EXERCISE DETAILS – Word for word, return the lines below from the first through the line that has "A video communications", dropping the pictures.

SUPPLIED INFORMATION –
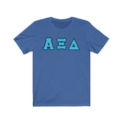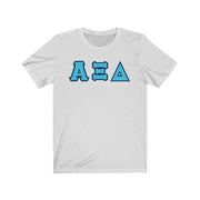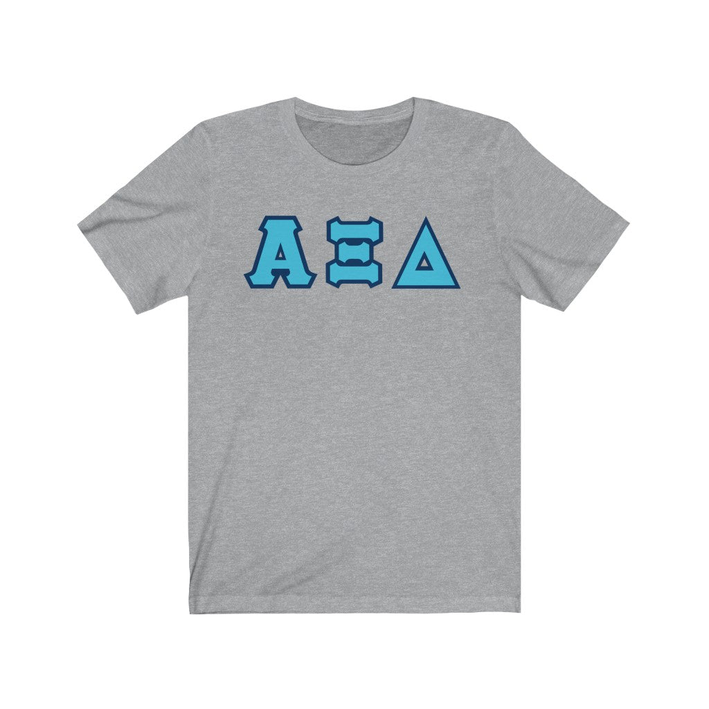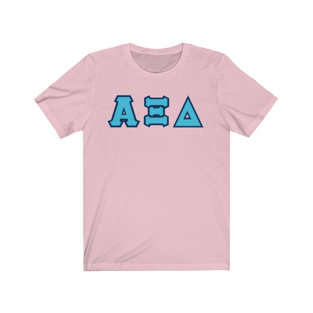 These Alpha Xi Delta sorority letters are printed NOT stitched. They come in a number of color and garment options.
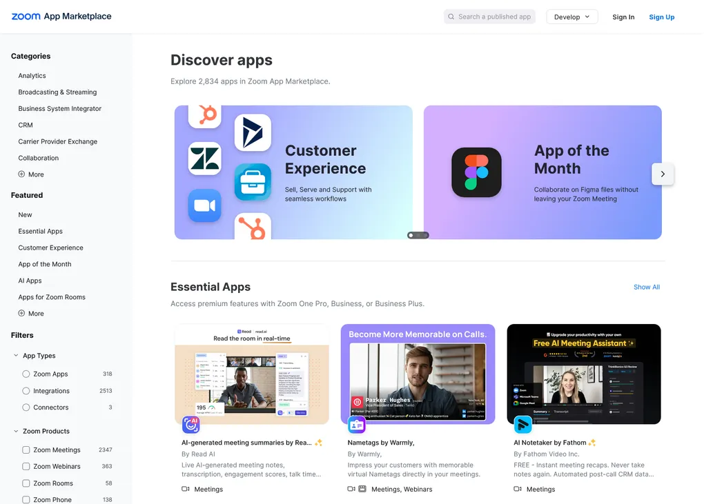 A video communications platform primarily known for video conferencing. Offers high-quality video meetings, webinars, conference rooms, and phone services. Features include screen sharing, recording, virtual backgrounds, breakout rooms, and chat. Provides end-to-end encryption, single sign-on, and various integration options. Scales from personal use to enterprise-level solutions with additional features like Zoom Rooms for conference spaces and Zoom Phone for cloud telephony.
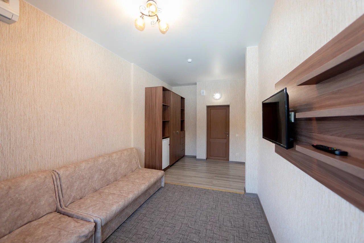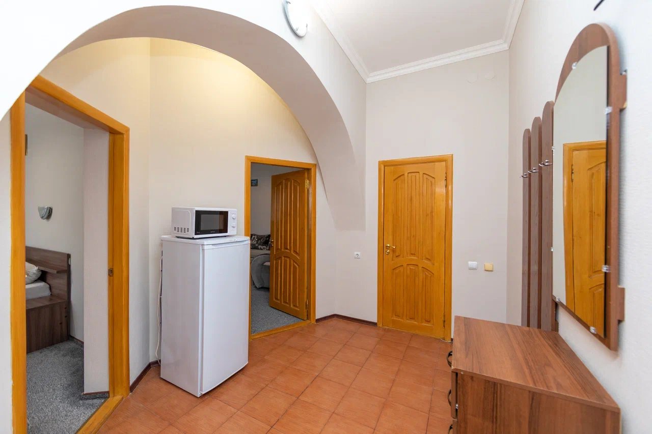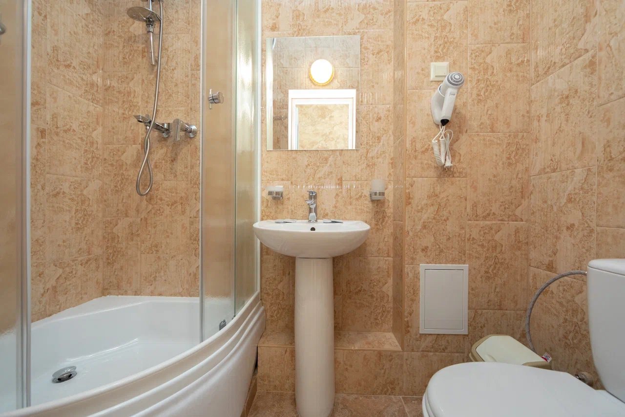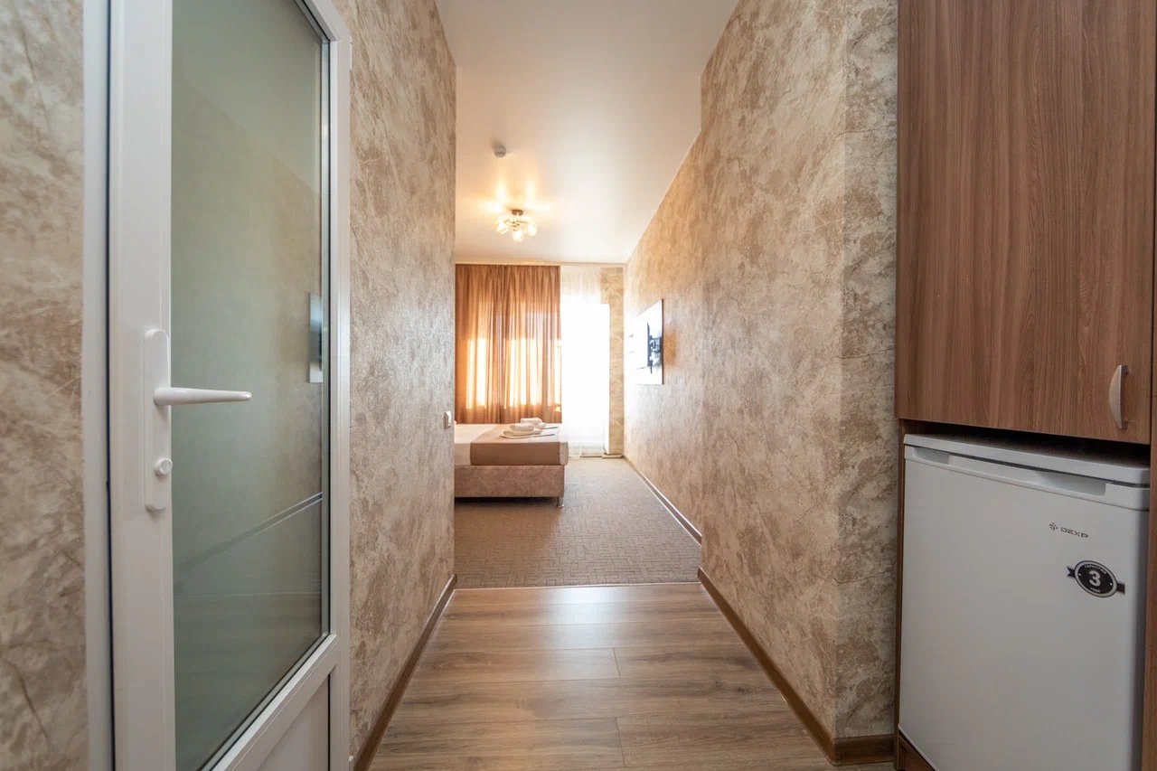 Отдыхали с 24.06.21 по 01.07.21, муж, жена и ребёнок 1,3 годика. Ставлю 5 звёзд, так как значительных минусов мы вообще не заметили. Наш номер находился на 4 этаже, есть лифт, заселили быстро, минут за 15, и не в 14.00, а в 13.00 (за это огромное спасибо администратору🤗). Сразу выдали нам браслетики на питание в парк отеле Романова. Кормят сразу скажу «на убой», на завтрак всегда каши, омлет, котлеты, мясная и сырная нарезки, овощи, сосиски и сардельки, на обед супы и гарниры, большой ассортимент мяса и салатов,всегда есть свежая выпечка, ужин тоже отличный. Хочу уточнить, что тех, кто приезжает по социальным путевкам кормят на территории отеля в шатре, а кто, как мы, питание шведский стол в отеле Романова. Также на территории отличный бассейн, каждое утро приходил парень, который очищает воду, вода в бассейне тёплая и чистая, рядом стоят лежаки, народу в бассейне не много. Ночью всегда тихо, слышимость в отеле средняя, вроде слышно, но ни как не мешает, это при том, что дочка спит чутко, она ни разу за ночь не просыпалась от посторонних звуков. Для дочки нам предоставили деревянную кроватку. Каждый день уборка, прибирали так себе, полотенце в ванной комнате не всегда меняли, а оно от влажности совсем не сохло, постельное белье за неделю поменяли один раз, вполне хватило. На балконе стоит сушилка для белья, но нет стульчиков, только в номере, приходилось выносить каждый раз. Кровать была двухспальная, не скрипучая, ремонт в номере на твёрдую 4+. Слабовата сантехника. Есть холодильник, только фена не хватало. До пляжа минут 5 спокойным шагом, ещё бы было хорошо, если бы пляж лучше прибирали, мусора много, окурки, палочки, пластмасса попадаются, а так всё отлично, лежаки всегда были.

EXERCISE RESPONSE –
 These Alpha Xi Delta sorority letters are printed NOT stitched. They come in a number of color and garment options.
 A video communications platform primarily known for video conferencing. Offers high-quality video meetings, webinars, conference rooms, and phone services. Features include screen sharing, recording, virtual backgrounds, breakout rooms, and chat. Provides end-to-end encryption, single sign-on, and various integration options. Scales from personal use to enterprise-level solutions with additional features like Zoom Rooms for conference spaces and Zoom Phone for cloud telephony.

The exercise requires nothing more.